**Data supplied**
* * * * * * * * *
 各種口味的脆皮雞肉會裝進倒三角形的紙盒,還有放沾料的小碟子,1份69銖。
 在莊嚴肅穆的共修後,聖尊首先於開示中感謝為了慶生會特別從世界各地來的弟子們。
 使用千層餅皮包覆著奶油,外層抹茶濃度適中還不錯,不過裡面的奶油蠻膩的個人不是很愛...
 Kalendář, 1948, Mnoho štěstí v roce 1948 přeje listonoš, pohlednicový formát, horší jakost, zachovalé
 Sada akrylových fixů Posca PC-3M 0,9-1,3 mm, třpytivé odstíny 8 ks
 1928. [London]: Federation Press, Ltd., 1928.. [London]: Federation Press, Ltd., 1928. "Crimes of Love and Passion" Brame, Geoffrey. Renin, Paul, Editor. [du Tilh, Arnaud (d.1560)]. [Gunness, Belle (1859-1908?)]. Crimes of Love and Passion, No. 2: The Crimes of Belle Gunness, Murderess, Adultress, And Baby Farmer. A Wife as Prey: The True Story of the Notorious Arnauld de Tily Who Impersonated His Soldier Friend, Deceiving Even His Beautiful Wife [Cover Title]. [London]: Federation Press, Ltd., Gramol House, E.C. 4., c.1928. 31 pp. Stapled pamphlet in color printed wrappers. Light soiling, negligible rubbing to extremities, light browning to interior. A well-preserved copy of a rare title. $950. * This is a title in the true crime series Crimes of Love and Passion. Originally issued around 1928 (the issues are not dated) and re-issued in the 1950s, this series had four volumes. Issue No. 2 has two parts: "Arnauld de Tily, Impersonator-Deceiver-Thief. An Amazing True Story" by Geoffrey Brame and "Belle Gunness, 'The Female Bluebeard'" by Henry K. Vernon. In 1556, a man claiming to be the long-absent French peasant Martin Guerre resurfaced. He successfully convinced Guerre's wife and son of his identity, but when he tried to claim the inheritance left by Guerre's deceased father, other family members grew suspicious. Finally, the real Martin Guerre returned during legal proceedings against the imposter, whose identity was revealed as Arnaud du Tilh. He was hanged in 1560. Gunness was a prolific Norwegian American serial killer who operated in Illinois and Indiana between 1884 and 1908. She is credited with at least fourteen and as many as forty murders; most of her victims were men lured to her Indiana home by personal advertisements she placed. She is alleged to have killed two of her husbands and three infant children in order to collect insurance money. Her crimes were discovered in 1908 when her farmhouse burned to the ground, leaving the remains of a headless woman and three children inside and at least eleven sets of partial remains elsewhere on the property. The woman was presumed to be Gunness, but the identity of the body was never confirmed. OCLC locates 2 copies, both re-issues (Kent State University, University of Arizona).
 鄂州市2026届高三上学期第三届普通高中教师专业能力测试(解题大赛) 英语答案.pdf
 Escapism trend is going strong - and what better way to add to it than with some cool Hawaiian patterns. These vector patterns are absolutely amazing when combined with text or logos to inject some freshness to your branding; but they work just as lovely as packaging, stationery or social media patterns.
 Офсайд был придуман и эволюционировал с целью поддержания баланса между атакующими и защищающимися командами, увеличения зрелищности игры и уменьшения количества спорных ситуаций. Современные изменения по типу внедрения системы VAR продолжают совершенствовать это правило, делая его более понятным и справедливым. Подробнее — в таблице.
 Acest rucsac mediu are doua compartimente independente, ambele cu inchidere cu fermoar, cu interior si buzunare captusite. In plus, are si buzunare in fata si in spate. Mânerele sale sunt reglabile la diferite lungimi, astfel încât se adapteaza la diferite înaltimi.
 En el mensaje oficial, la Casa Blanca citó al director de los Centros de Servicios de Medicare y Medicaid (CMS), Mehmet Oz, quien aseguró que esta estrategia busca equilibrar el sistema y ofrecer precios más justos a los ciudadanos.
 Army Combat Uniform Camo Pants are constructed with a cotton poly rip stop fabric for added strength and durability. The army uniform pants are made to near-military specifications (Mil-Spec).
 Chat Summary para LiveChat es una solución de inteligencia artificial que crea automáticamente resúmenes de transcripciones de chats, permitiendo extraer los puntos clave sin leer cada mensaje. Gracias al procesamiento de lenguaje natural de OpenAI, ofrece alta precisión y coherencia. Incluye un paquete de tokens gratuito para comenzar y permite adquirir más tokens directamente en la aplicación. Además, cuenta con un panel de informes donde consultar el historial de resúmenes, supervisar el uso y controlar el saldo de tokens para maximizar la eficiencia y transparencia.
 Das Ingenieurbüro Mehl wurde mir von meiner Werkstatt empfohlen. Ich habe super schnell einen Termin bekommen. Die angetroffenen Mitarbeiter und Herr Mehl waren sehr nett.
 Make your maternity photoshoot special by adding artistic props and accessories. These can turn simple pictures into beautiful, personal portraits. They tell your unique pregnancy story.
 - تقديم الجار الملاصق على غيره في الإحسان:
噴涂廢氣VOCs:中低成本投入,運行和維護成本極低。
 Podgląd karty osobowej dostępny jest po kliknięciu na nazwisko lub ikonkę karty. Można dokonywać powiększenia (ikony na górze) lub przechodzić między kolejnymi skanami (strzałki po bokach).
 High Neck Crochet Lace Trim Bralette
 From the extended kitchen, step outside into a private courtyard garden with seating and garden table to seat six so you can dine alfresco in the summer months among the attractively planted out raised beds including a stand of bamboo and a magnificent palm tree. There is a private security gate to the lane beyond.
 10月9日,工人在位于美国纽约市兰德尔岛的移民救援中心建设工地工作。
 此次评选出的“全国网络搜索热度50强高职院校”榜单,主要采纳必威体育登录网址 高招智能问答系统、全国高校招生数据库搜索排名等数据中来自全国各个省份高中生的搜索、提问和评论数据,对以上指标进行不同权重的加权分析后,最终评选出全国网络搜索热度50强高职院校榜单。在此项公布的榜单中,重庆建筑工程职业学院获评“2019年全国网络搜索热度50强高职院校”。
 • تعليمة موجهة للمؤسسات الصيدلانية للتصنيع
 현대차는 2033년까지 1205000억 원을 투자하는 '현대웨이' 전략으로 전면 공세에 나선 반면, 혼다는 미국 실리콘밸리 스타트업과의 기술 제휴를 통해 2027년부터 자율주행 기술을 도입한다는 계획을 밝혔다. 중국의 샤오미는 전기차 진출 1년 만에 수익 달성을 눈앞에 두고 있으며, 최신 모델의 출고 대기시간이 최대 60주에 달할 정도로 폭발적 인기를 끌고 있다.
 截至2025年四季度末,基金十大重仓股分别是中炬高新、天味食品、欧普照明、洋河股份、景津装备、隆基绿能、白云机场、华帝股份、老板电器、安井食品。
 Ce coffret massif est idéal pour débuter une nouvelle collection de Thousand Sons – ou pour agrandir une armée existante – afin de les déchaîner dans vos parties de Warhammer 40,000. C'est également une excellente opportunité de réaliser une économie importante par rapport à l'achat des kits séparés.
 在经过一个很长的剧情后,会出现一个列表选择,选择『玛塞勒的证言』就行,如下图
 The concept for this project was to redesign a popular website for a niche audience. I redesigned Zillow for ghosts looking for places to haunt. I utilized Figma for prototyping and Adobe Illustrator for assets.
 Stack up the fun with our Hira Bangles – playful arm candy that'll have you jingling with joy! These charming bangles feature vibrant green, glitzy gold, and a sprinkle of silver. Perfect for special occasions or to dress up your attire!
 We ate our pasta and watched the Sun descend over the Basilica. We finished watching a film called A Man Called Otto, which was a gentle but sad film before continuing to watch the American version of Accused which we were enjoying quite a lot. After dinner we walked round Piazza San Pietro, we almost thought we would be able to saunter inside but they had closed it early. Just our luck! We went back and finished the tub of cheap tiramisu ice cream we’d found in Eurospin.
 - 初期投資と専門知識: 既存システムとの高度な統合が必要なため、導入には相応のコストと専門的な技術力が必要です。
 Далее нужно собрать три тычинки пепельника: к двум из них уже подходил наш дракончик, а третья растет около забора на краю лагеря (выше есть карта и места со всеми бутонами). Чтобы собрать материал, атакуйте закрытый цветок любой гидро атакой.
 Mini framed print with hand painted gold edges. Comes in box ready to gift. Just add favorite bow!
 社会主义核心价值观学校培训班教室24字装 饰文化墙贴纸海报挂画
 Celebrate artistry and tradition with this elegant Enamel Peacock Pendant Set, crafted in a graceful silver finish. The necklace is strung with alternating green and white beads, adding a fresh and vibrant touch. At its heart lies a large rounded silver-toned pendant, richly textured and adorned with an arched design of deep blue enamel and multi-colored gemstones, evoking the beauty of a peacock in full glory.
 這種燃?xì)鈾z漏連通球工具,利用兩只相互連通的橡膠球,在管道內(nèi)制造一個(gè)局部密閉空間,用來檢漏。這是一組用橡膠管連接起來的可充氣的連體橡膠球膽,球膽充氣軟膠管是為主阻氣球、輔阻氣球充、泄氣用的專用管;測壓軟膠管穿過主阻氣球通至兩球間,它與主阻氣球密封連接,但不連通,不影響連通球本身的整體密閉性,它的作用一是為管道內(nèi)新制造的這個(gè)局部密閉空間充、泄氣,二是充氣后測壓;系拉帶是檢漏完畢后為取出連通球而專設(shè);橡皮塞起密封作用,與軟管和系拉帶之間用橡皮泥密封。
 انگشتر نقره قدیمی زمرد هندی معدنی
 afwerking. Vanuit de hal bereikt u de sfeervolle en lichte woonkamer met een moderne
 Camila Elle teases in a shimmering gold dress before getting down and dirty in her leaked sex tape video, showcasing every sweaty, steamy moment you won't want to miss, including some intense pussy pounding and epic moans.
* * * * * * * * *
Check each line of the entries above for the word "vibrant". List the ones that have it.

 Stack up the fun with our Hira Bangles – playful arm candy that'll have you jingling with joy! These charming bangles feature vibrant green, glitzy gold, and a sprinkle of silver. Perfect for special occasions or to dress up your attire!
 Celebrate artistry and tradition with this elegant Enamel Peacock Pendant Set, crafted in a graceful silver finish. The necklace is strung with alternating green and white beads, adding a fresh and vibrant touch. At its heart lies a large rounded silver-toned pendant, richly textured and adorned with an arched design of deep blue enamel and multi-colored gemstones, evoking the beauty of a peacock in full glory.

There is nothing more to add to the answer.